Your goal: All lines from the one containing "In a cross-party" through the end of the material below are to be printed exactly, both ends included, minus pictures.
=== Data block ===
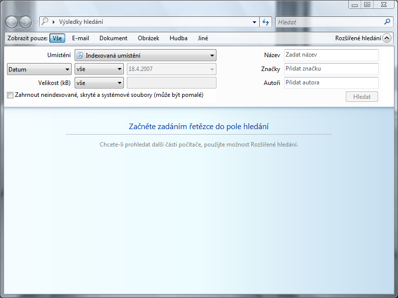 Širší možnosti nabízí Rozšířené vyhledávání, které je v operačním systému také přítomno. Po kliknutí na odkaz Hledat v menu Hlavního panelu se otevře okno určené pro zobrazení výsledků vyhledávání. Vyhledávání tak ve Windows konečně dostalo důstojnou podobu.
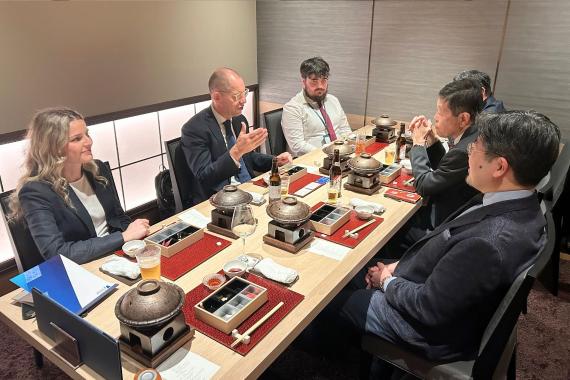 In a cross-party briefing with members of the Japanese Parliament, Dr. Gerhard Wahlers provided an update on the current security situation in Europe and recent defense policy decisions in Germany. The program also included a visit to the Yokosuka naval base to gain insights into the structure and operations of the U.S. 7th Fleet and the Enforcement Coordination Cell (ECC), which is supported by 12 partner nations, including Germany. In addition, working dinners were held with Ambassador Petra Sigmund, Ambassador Ryo Nakamura from the Japanese Ministry of Foreign Affairs, leading Japanese scholars, journalists, and several German economic experts based in Tokyo.
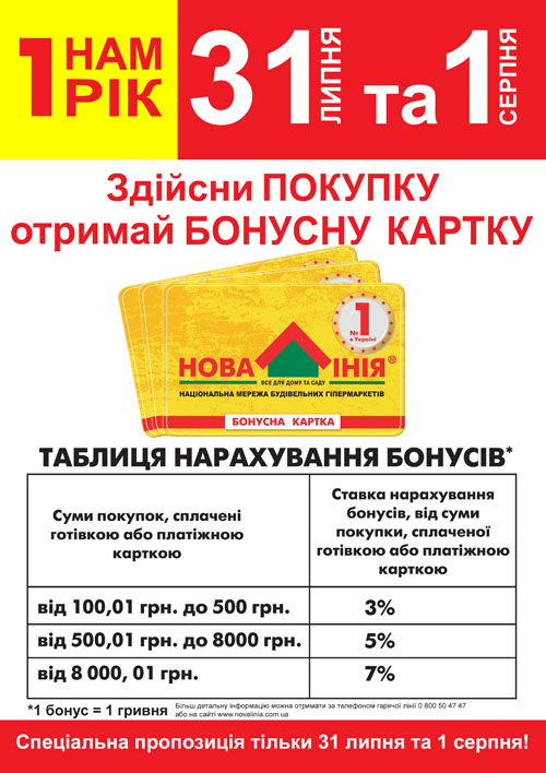А каждый, кто совершит покупку от 100 грн., станет членом клуба «Новая Линия»! Накопительная бонусная карточка в подарок!
===
Solution for this problem:
 In a cross-party briefing with members of the Japanese Parliament, Dr. Gerhard Wahlers provided an update on the current security situation in Europe and recent defense policy decisions in Germany. The program also included a visit to the Yokosuka naval base to gain insights into the structure and operations of the U.S. 7th Fleet and the Enforcement Coordination Cell (ECC), which is supported by 12 partner nations, including Germany. In addition, working dinners were held with Ambassador Petra Sigmund, Ambassador Ryo Nakamura from the Japanese Ministry of Foreign Affairs, leading Japanese scholars, journalists, and several German economic experts based in Tokyo.
А каждый, кто совершит покупку от 100 грн., станет членом клуба «Новая Линия»! Накопительная бонусная карточка в подарок!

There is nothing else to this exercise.